さすらうサラリーマンが、亜細亜のこと、ロックのこと、その他いろいろ書いてみたいと思ってますが、どうなることやら。

逆説の日本史 24 明治躍進編

2021年11月02日 | Books


漫画で、長年、連載が続くことはあるが、歴史書で、これだけ連載が続く例は、記憶がない。
ということで?文庫化された逆説の日本史最新刊をゲット。
面白い。
いつもの通り、権威絶対主義、呪術的側面の無視・軽視、史料絶対主義に、堂々と立ち向かう?
すっかり染まってしまったかな?

明治維新後の新体制構築から、日清戦争までを描くが、この時期に第二次世界大戦の敗戦の種が知らず知らずの間に撒かれてしまってあたことかわかる。
渋沢栄一は出てこないが、今の青天を衝けで描かれている時代のことだ。

まずは、議会と天皇の関係。
これは、イギリス流と、ドイツ流とどちらにするかというとこだが、天皇重視のドイツ流となる。
明治14年の政変で、イギリス派の大隈が(福沢も加わり早慶連合)野に下り、ドイツ派の伊藤(岩倉とタッグ)が主導権を握ったことによる。
その時点では、軍は、政治に関わらないはずだったが、無実化され、天皇のための戦争ということに、持っていかれた。
仕事の関係で、よく出てくるロエスレルも大きな役割を担う。
そのストーリーを作ったのが、あまり表に出てこないが、井上毅。

絶対的権力は、絶対的に腐るという言葉も、昨今の政治を見てると、グサリとささる。
まさに、歴史は学ぶべきもの。

朱子学の害についても、繰り返し出てくる。
中国、韓国の近代化が遅れたのは、朱子学が徹底して、西欧を排除し続けたためだと結論。
日本は、天皇を祀りあげたことにより、他の身分の平等さが高まり、朱子学から脱却し、急速に近代化を進めることができてしまった。
そして、欧米に焚き付けられ?清と戦い勝ってしまった。
そして、下関条約での成功。

その成功を導いた陸奥宗光の話も面白い。
歴史では、立派な外交官として学んだが、かなり荒っぽい人間だったらしい。
だからこそ、切った張ったの交渉に成功したのだが。
ただ、その後の三国干渉で、戦利の半分は、放棄させられるが、台湾を得た。
ただ、台湾は、清にとっては、当時は、めんどくさい野蛮人が住む、未開の島でしかなかった。
日本は、そこで、クソ真面目に、教育システムの構築から、あらたな、台湾作りを始めた。

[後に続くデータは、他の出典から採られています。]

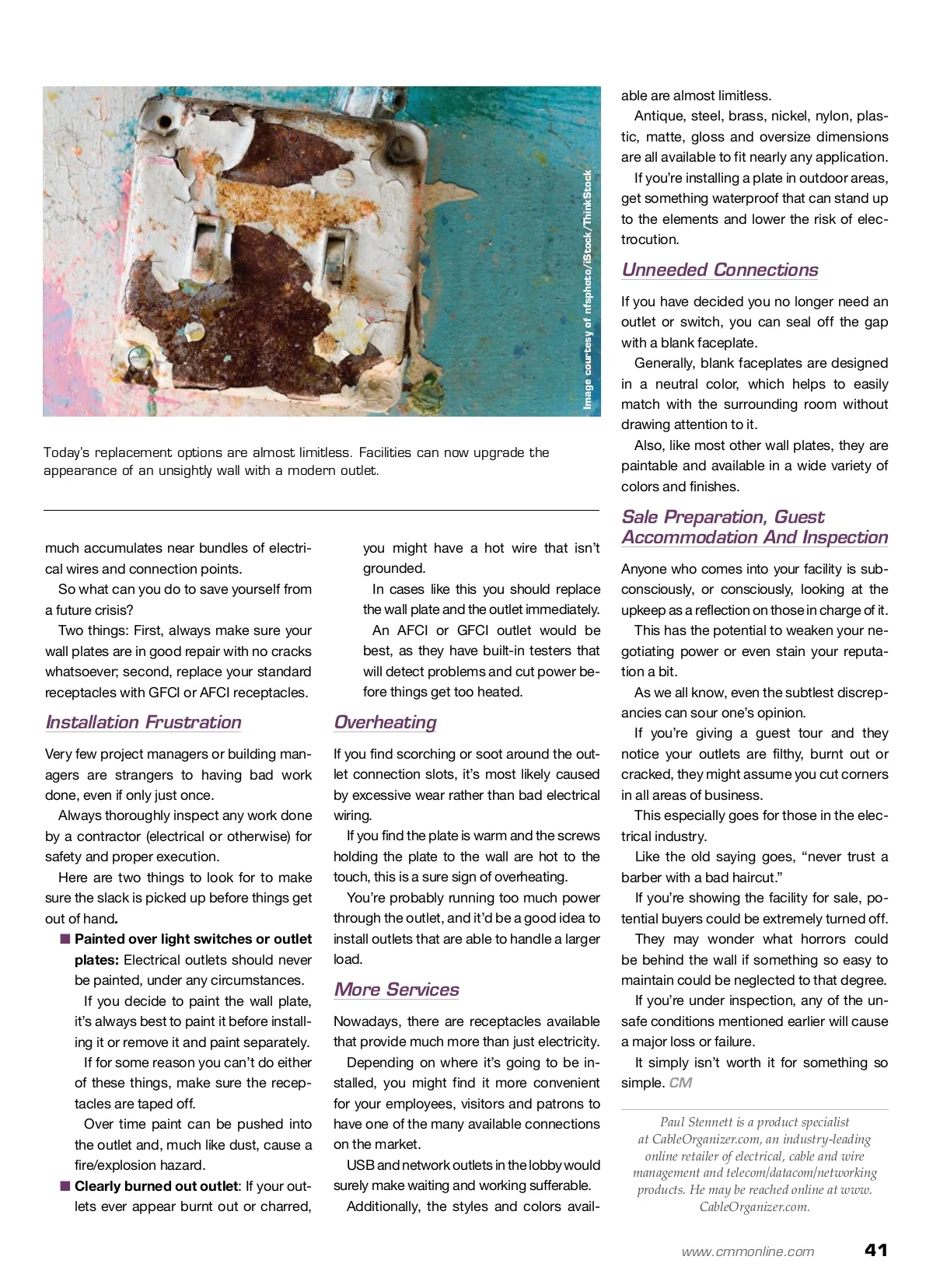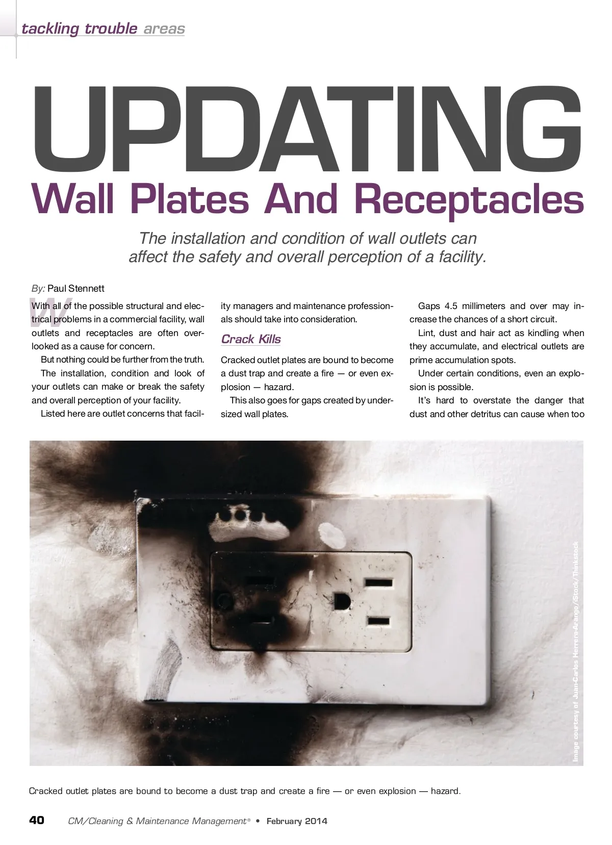 tackling trouble areas UPDATING Wall Plates And Receptacles The installation and condition of wall outlets can affect the safety and overall perception of a facility. By: Paul Stennett With all of the possible structural and elec-trical problems in a commercial facility, wall outlets and receptacles are often over-looked as a cause for concern. But nothing could be further from the truth. The installation, condition and look of your outlets can make or break the safety and overall perception of your facility. Listed here are outlet concerns that facil-ity managers and maintenance profession-als should take into consideration. Gaps 4.5 millimeters and over may in-crease the chances of a short circuit. Lint, dust and hair act as kindling when they accumulate, and electrical outlets are prime accumulation spots. Under certain conditions, even an explo-sion is possible. It’s hard to overstate the danger that dust and other detritus can cause when too W Crack Kills Cracked outlet plates are bound to become a dust trap and create a fire — or even ex-plosion — hazard. This also goes for gaps created by under-sized wall plates. Cracked outlet plates are bound to become a dust trap and create a fire — or even explosion — hazard. 40 CM/Cleaning & Maintenance Management ® • February 2014 Image courtesy of Juan-Carlos Herrera-Arango/iStock/Thinkstock

韓国は、相変わらず自ら変革することができず、日本に併合されてしまう。
元々、韓国は、朱子学から、中国に従うことを是としてきたため、自ら独立するという気もなかったが、清が弱体化し、行き場を失った形だ。
朱子学においては、上に背くとこは、悪そのものであり、当時の清、韓国の政治に不満を持つものは、朱子学の教えに反しないように、宗教団体として、反旗を魔キ形をとった。
日本の統治の仕方も悪かった。

井沢氏の本を、右に寄り過ぎと、批判的に見る向きもあるが、私は、そうは思わない。
それは、本書をよく読んでみれば、わかることで、戦後の左寄り過ぎた学会から見ると、右に寄りすぎに見えるのだろう。
確かに、第二次世界大戦敗戦を見て、左寄りの考え方がベースになってしまったのは、わかるが、もうもう75年も経っている。
今の世界の状況を見て、日本の立ち位置を客観的に捉える観点がますます重要になっている。
教育勅語も、全編をしっかり読むことが肝要。
曲解された部分を除いては、近代日本の建設に、大きな足跡を残した。
教育こそ、国の力の源泉だ。

今回の選挙で、改憲派が、ますます増えた。
真摯な、憲法議論が進むことを願う。
もちろん、平和を重んじる憲法が前提だが。